Dennis Faas's picture

A New York judge has ordered a new Apple executive to stop work until a legal dispute with IBM, his former employer, is settled. Mark Papermaster had been set to head the hardware side of Apple's iPod and iPhone division.

Papermaster was formerly IBM's executive in charge of blade servers, a technology which involves bare-bones servers taking their power from storage racks rather than individual power supplies. This makes much slimmer servers which is particularly useful for firms needing to store a large number of servers in a small space.

As part of his IBM contract, Papermaster is banned from working for a rival firm for a year after leaving the company. Apple believed this didn't apply because its target market is notably different than IBM's. It also argued that such a contract was inherently unfair because it effectively left Papermaster unable to leave IBM for fear of being unemployed for a year. IBM insists the clause is necessary to protect it against former employees sharing up-to-the-minute trade secrets with competitors.

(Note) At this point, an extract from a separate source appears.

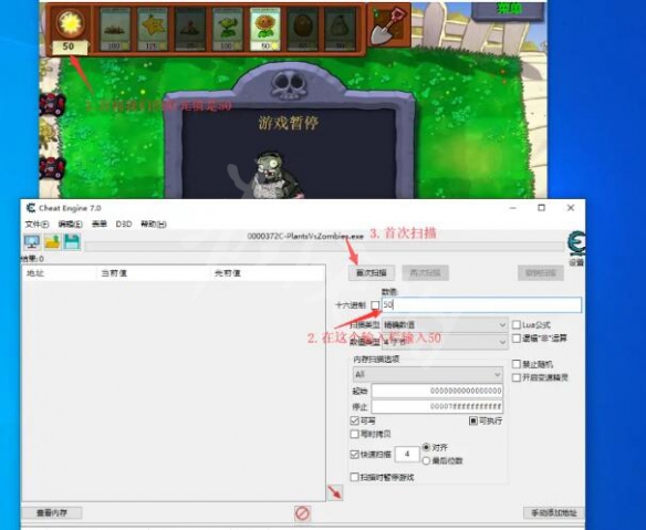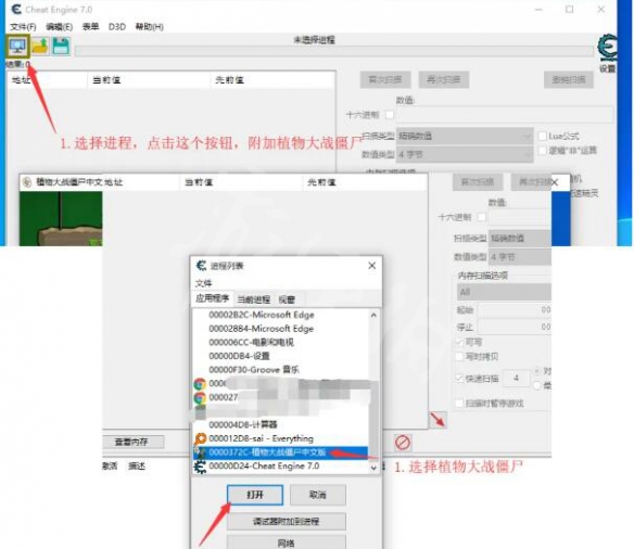 廢話不多說,直接開始:首先啊,打開我們的植物大戰殭屍和CE修改器。

Apple had just announced it hired Papermaster to take over as head of iPhone and iPod engineering and development. The firm felt that, because this was a different role to his IBM work, there was even less of a case for upholding the no-compete clause. (Source: cnet.com)

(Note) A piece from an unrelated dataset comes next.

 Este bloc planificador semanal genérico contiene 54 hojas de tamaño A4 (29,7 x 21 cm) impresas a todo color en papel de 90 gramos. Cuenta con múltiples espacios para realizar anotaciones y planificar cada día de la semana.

IBM took the case to court in its home state of New York and has earned an injunction temporarily barring Papermaster from working at Apple. The case will now go through a full legal process, with the judge scheduling a status update for November 18. (Source : bloomberg.com)

Apple's next move may be to have the case shifted to the company's own home state, California. While it will no doubt argue that's the right venue (given that's where Papermaster will or won't be working), the main motive would be that Californian courts are usually much less willing to uphold no-compete clauses in employment contracts.